Sunbelt States Losing Population

In a major reversal of trends, for the first time many of the most populated Sunbelt states are losing population as a result of the real estate crash and financial strain.

Sedona, Arizona

It’s the first time in decades that many of the country’s finest Sunbelt states, including Florida, Nevada and Arizona have experienced a drop in residents. But the nation’s biggest state, California with nearly 38-million residents is experiencing population growth as a result of a higher birth rate, according to the California Department of Finance.

California’s population grew less than one percent between July, 2008 and July, 2009 according to official population estimates released by the State Department of Finance. The figure represents 353,000 new residents during the fiscal year, despite the fact that many Californians are leaving the state for jobs and a lower cost of living.
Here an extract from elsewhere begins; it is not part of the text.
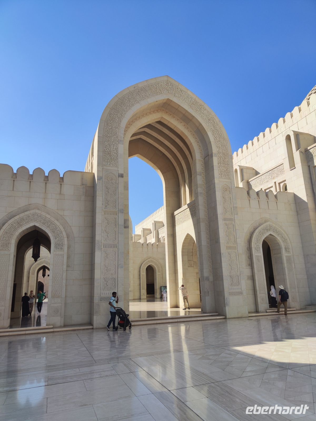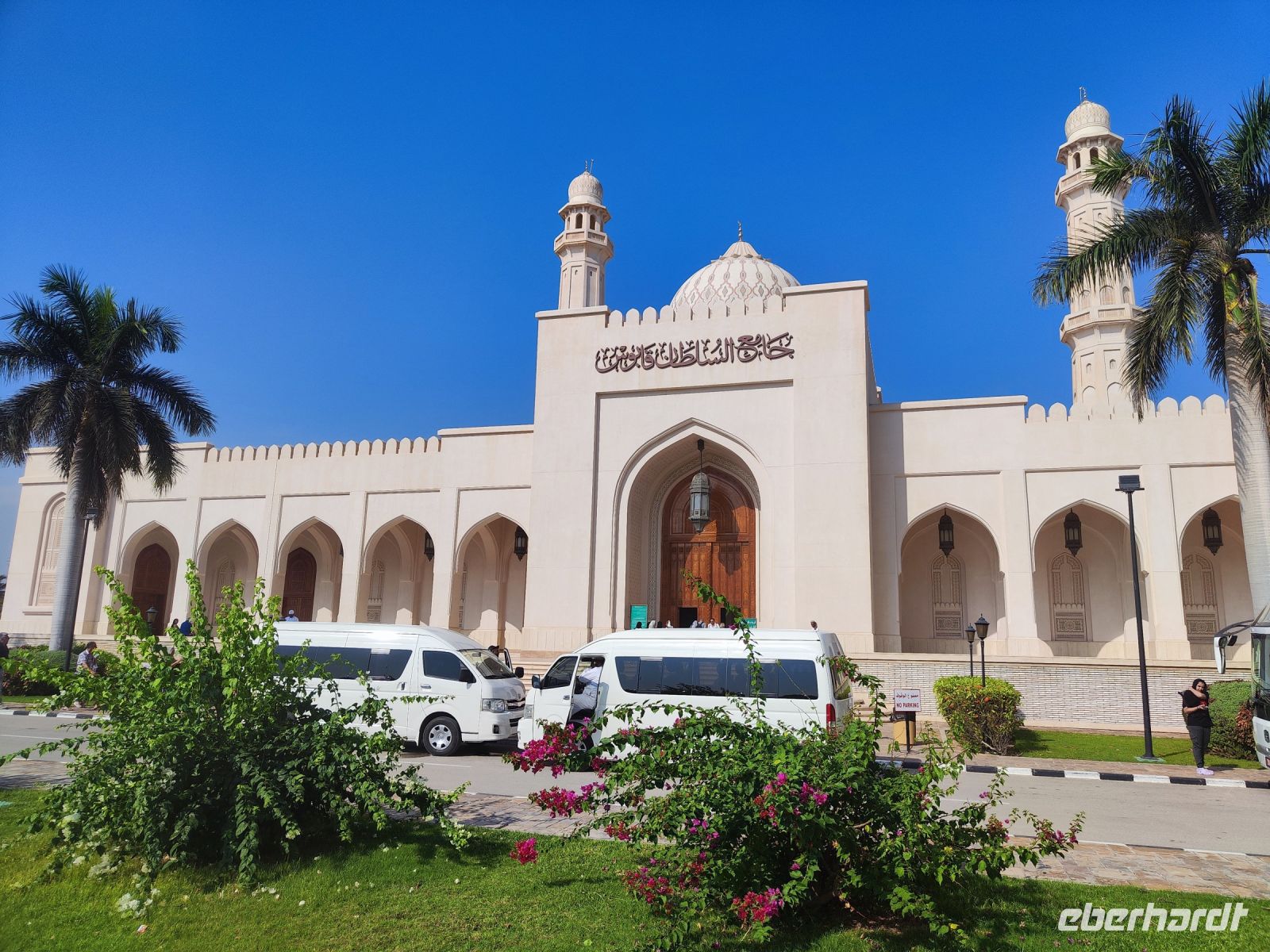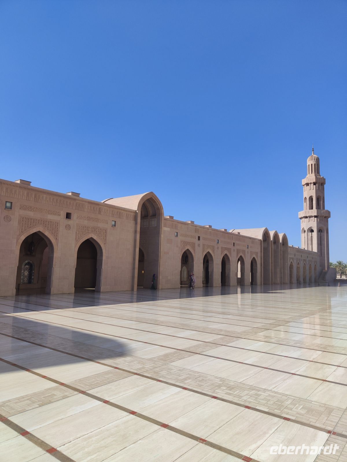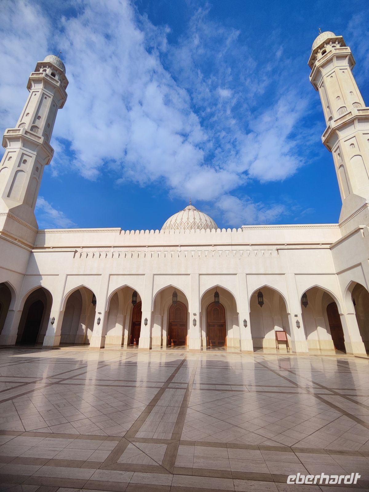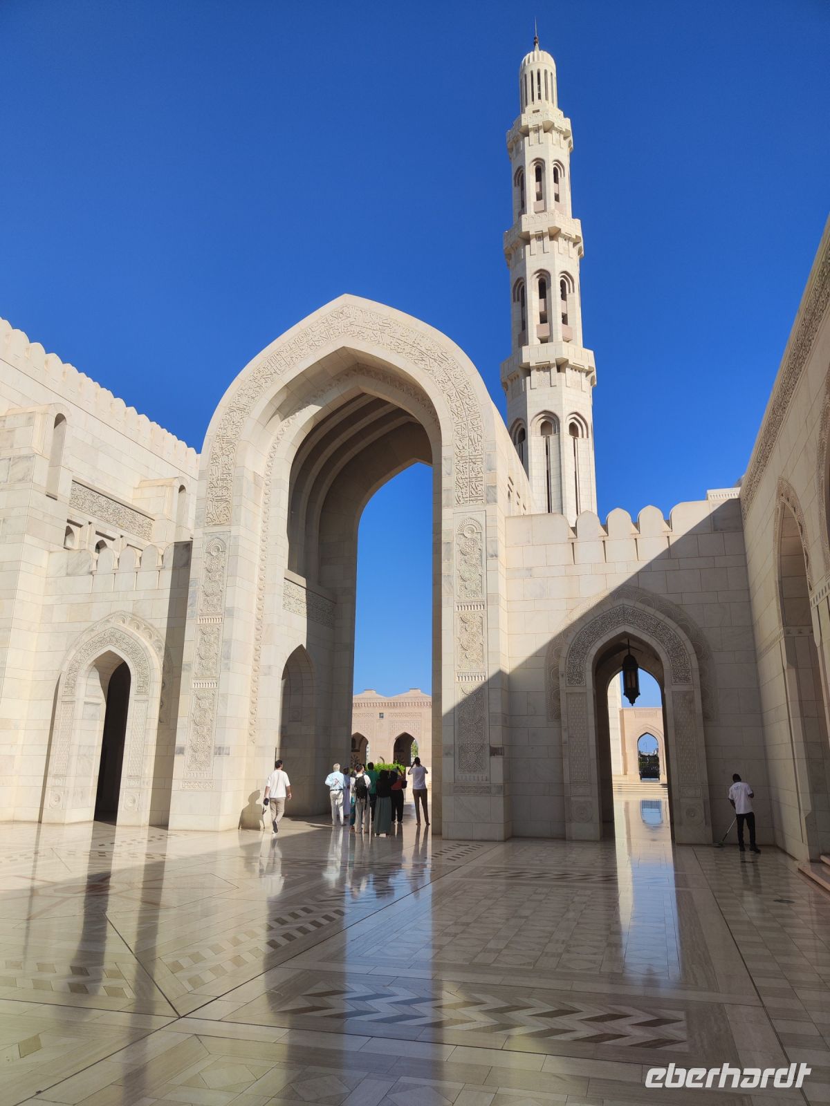 Wir trafen uns voller Vorfreude am Flughafen Frankfurt, bereit für unser Abenteuer im Oman. Der Flug nach Muscat verlief reibungslos, und wir waren gespannt auf die kommenden Tage. Am Flughafen in Muscat trafen wir die übrigen Reisegäste und unseren Reiseleiter Ajid, der uns herzlich willkommen hieß. Unser erster Halt war die beeindruckende Sultan Qaboos Moschee. Die Moschee wurde 2001 fertiggestellt und ist nach Sultan Qaboos bin Said Al Said benannt, der über 40 Jahre lang das Sultanat Oman regierte. Beim architektonischen Meisterwerk wurde modernes Design und traditioneller omanischer Baukunst vereint. Auffällig sind die 5 Minarette, der riesige Gebetsraum und der Kronleuchter aus Swarovski Steinen. Bei unserem Rundgang bestaunten wir die Moschee und die Baukunst der Omanis. Anschließend besuchten wir das Opernhaus in Muscat, das ebenfalls mit seiner modernen Eleganz beeindruckte. Wir hatten die Gelegenheit, die Räumlichkeiten zu erkunden und mehr über das 2011 erbaute Gebäude zu erfahren. Unser Mittagessen hatte unser Reiseleiter Ajit am Strand von Muscat in einem türkischen Restaurant reserviert. Wir genossen frischen Fisch und Meeresfrüchte in einer entspannten Atmosphäre und lauschten dem Rauschen des Meeres.

The increase is attributed to higher birth rates. The rise in new births is the primary source of growth in California in the last year with 547,000. However, net migration contributed just slightly more than 37,000 new residents. The state gained over 179,000 new foreign immigrants during the year, and lost an estimated 142,000 people to other states.

While California has continued to experience population growth even though it has one of the highest foreclosure rates in the country, Florida has seen its population shrink for the first time in 63 years.

The reversal was triggered by two years of back-to-back hurricanes, higher property taxes and more expensive home insurance rates. The migration of Florida residents to other states, including heavily to North Carolina and Tennessee is attributed to lower housing prices.

Carmel, California

The recession triggered an increase in migration of seniors from Florida, who are highly dependent on fixed income retirement. Losses in the stock market and housing wealth have also contributed to moving. Many in the tourist and construction industries, Florida’s two biggest employment segments have lost jobs, forcing moves. Others are seeking more affordable life-styles with lower tax burdens.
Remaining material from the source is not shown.